==== Extracted information

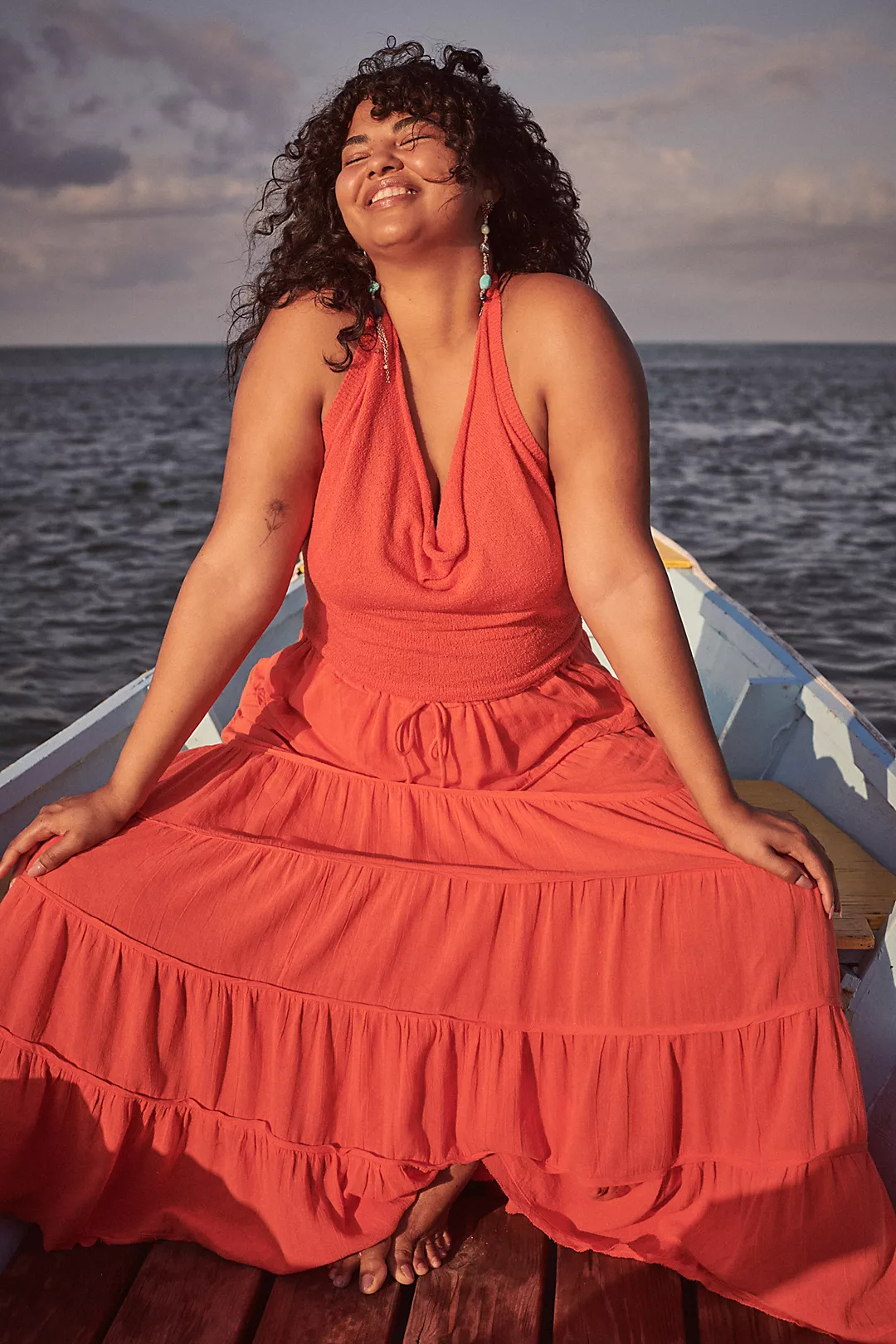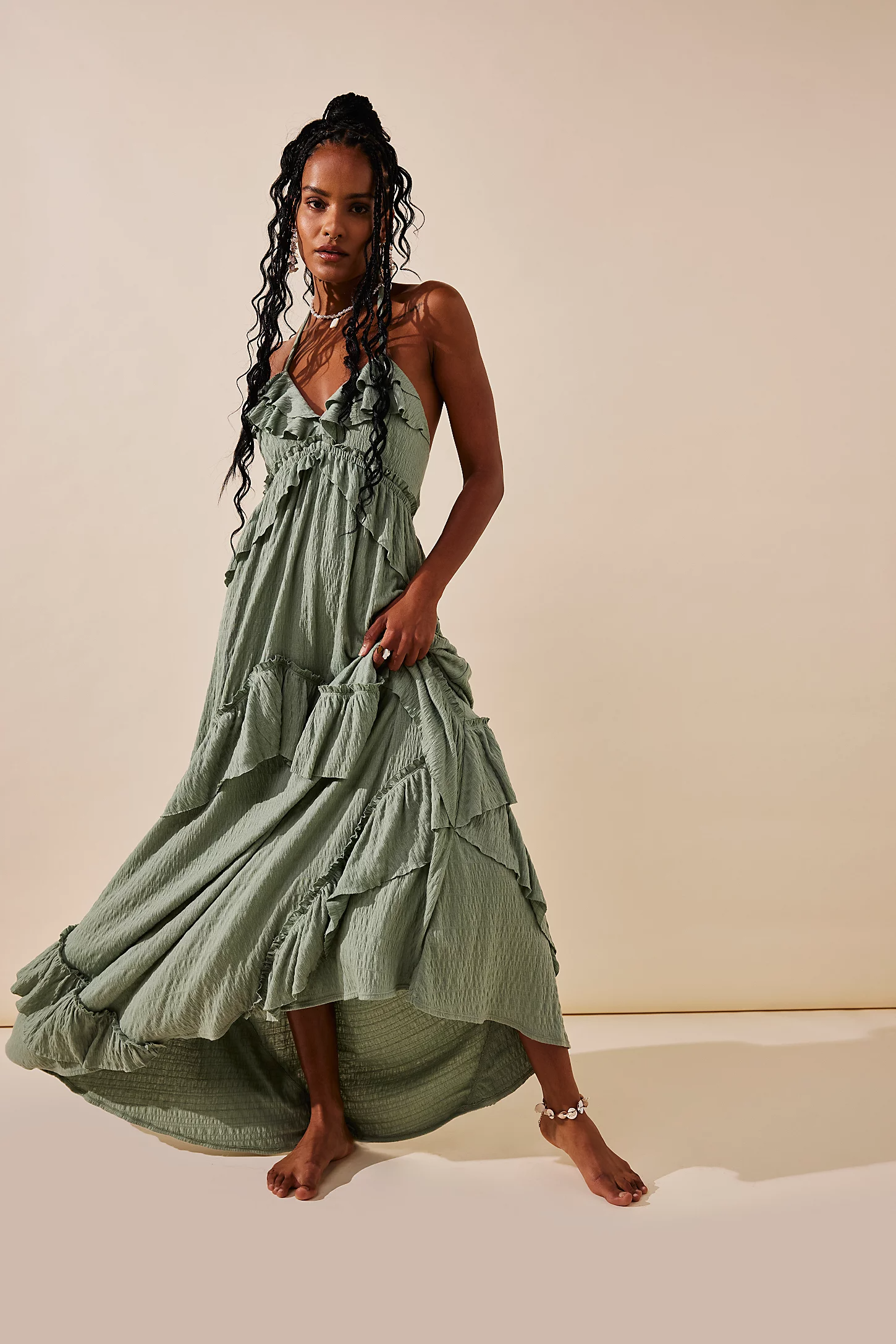 If you’re in the market for a super flowy and ethereal tiered dress, you’ll love this new style. The textured and ruffle-forward maxi is delicate and features an open back with adjustable ties. Pair it with sandals and wear your dress seaside as it billows in the breeze.
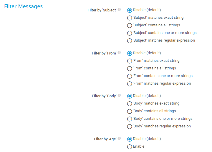 • 'Body' matches regular expression: Filter emails whose body matches the defined regular expression.
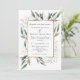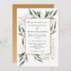Watercolor botanicall leaf and floral wedding invitation with gold frame and gold gradient. An elegant and simple design.
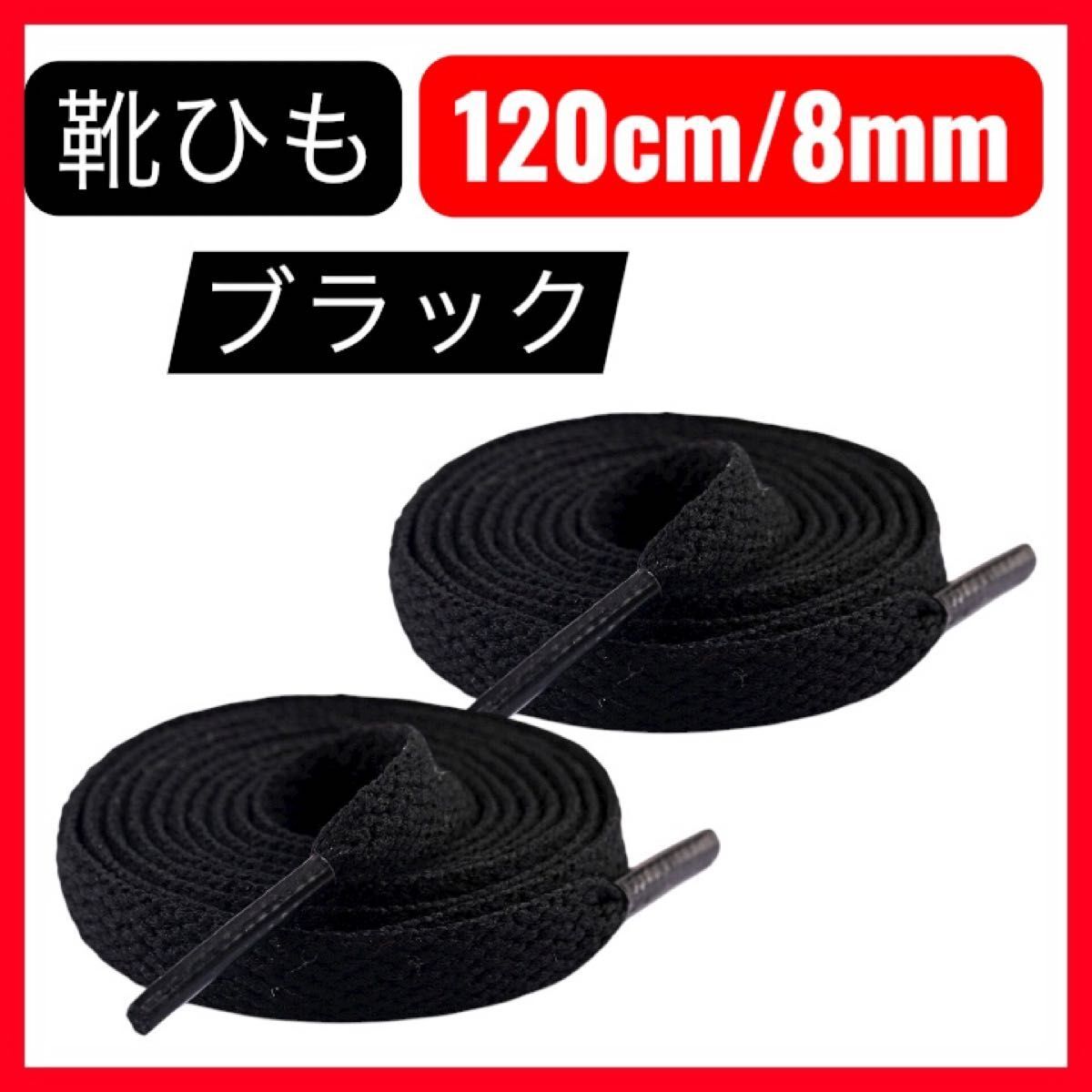 - ブラック 靴紐 平紐 120cm 2本1セット 無地 シューレース スニーカー シューズ紐 ブラック 靴ひも 黒 シンプル
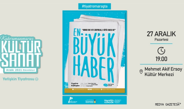 Kahramanmaraş Büyükşehir Belediyesi Aralık Kültür Sanat Etkinlikleri, hız kesmeden devam ediyor. Takvim kapsamında, bugün “En Büyük Haber” adlı tiyatro oyunu seyirciyle buluşacak. Mehmet Akif Ersoy Kültür Merkezi’nde 27 Aralık Pazartesi (bugün) saat 19.00’da gerçekleştirilecek etkinlikte, iflas etmiş bir fabrikatörün hikâyesi anlatılacak. İnanç ve bunalımın en çarpıcı örneklerinin sahneleneceği yetişkin oyununa, 13 yaş ve üzeri izleyiciler katılabilecek. Kültür Spor ve Turizm Daire Başkanlığı’ndan yapılan açıklamada ücretsiz etkinliğe biletsiz şekilde katılım sağlanabileceği bildirildi.
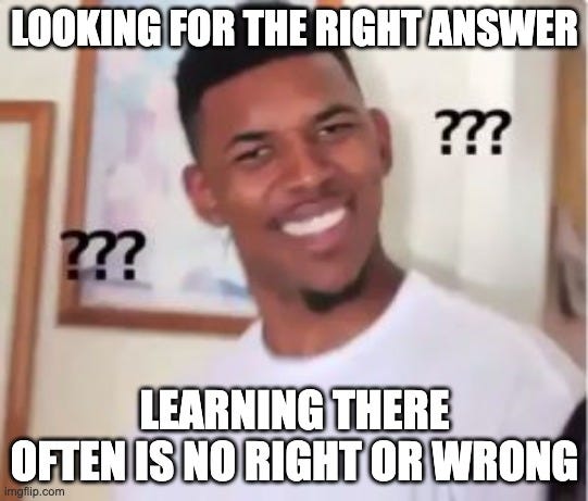 More often than not, questions don’t have a right or wrong answer. They just have an answer that works well for this moment or for one purpose.
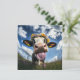 Uma imagem lúdica e aproximada de uma vaca em um prado ensolarado, adornada com uma coroa floral vibrante feita de margaridas e flores silvestres. A vaca põe a língua para fora, acrescentando um toque de humor e charme à cena. O céu azul brilhante e as nuvens suaves no fundo aumentam ainda mais a alegria e caprichosa sensação da imagem.
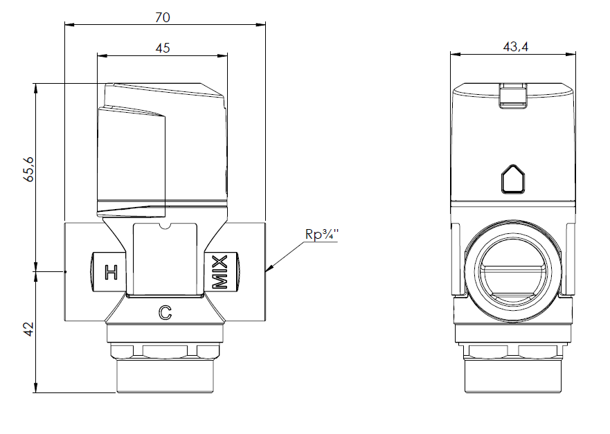 Zawór regulacyjny termostatyczny do wody ciepłej AFRISO ATM 331 mosiądz GW 3/4'', DN 20, zakres temp. 20-43'C, Kvs 1.6 m3/h, maksymalna temperatura 90'C, maksymane ciśnienie 10 bar

========

» **Exercise**: Leave out the pictures and retype every line above exactly.

» **Answer space**:
 If you’re in the market for a super flowy and ethereal tiered dress, you’ll love this new style. The textured and ruffle-forward maxi is delicate and features an open back with adjustable ties. Pair it with sandals and wear your dress seaside as it billows in the breeze.
 • 'Body' matches regular expression: Filter emails whose body matches the defined regular expression.
Watercolor botanicall leaf and floral wedding invitation with gold frame and gold gradient. An elegant and simple design.
 - ブラック 靴紐 平紐 120cm 2本1セット 無地 シューレース スニーカー シューズ紐 ブラック 靴ひも 黒 シンプル
 Kahramanmaraş Büyükşehir Belediyesi Aralık Kültür Sanat Etkinlikleri, hız kesmeden devam ediyor. Takvim kapsamında, bugün “En Büyük Haber” adlı tiyatro oyunu seyirciyle buluşacak. Mehmet Akif Ersoy Kültür Merkezi’nde 27 Aralık Pazartesi (bugün) saat 19.00’da gerçekleştirilecek etkinlikte, iflas etmiş bir fabrikatörün hikâyesi anlatılacak. İnanç ve bunalımın en çarpıcı örneklerinin sahneleneceği yetişkin oyununa, 13 yaş ve üzeri izleyiciler katılabilecek. Kültür Spor ve Turizm Daire Başkanlığı’ndan yapılan açıklamada ücretsiz etkinliğe biletsiz şekilde katılım sağlanabileceği bildirildi.
 More often than not, questions don’t have a right or wrong answer. They just have an answer that works well for this moment or for one purpose.
 Uma imagem lúdica e aproximada de uma vaca em um prado ensolarado, adornada com uma coroa floral vibrante feita de margaridas e flores silvestres. A vaca põe a língua para fora, acrescentando um toque de humor e charme à cena. O céu azul brilhante e as nuvens suaves no fundo aumentam ainda mais a alegria e caprichosa sensação da imagem.
 Zawór regulacyjny termostatyczny do wody ciepłej AFRISO ATM 331 mosiądz GW 3/4'', DN 20, zakres temp. 20-43'C, Kvs 1.6 m3/h, maksymalna temperatura 90'C, maksymane ciśnienie 10 bar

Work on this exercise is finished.